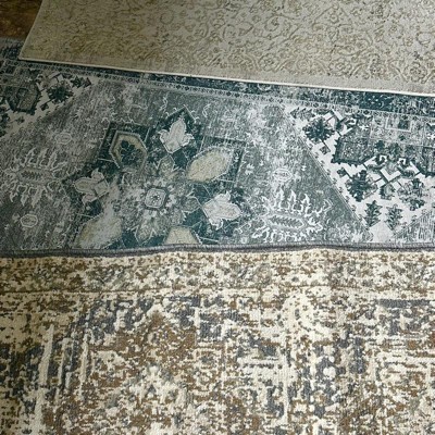 Transform your living space with this exquisite accent rug in a soft beige and grey palette. Measuring 2 feet 6 inches by 4 feet, this delicately woven masterpiece showcases traditional Oriental patterns, adding a touch of timeless charm to any room. Crafted using modern power loomed techniques, it boasts a durable polyester pile and a practical 1/8 inch height. This rug is not only visually stunning but also functional, offering slip resistant and washable features for effortless maintenance. Made in China, this rug combines elegance and practicality, making it a perfect choice for your home decor needs.
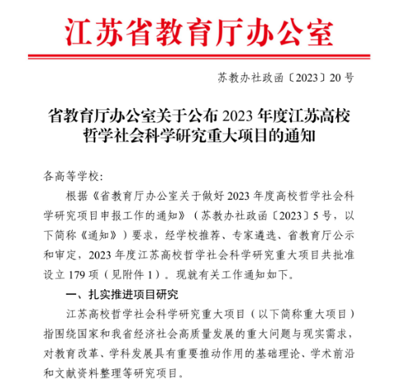 近日,江苏省教育厅公布了《2023年度江苏高校哲学社会科学研究重大项目立项名单》,公司李红教授申报的《“汉语型化”与语言建构:中日农科词汇交流发展研究》获得立项,这是公司近年来首次获批该重大项目。
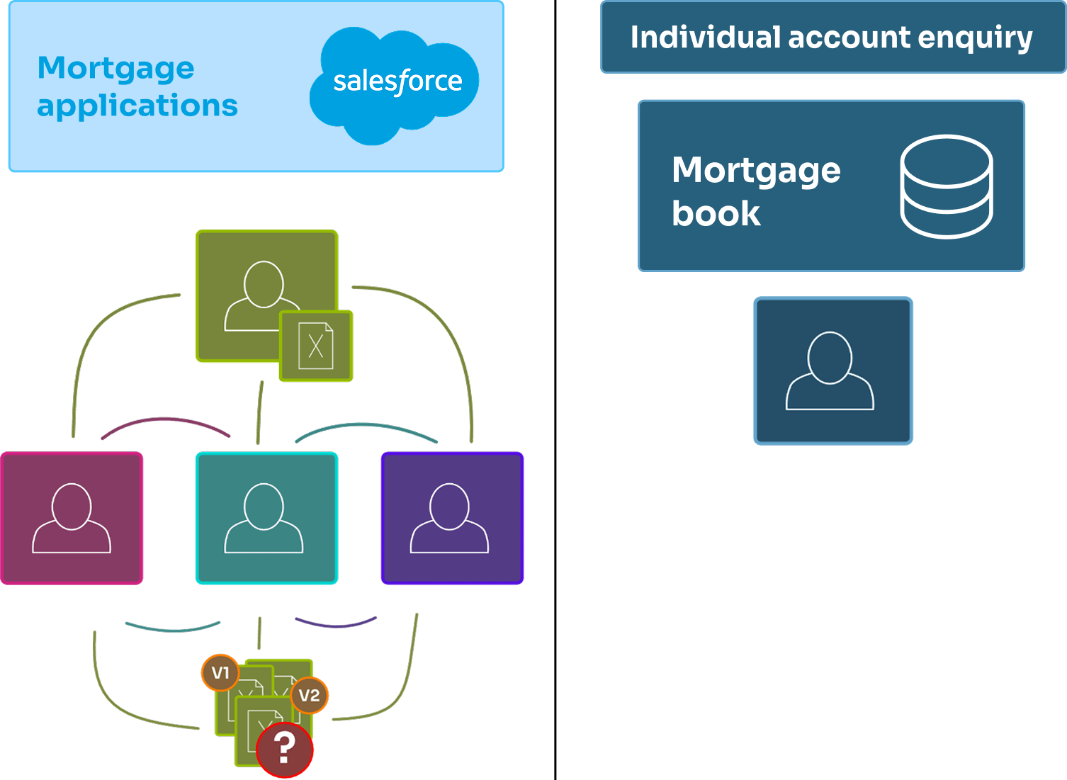 The bank needed to reconstruct the full mortgage journey and gain shared visibility over all in-progress applications. That meant:

◆ ◆ ◆ ◆ ◆

Task description: Your copy should hold exactly the lines from the one that contains "近日,江苏省教育厅公布了《2" through the final line of the data, both ends included, and no pictures.

The answer:
 近日,江苏省教育厅公布了《2023年度江苏高校哲学社会科学研究重大项目立项名单》,公司李红教授申报的《“汉语型化”与语言建构:中日农科词汇交流发展研究》获得立项,这是公司近年来首次获批该重大项目。
 The bank needed to reconstruct the full mortgage journey and gain shared visibility over all in-progress applications. That meant:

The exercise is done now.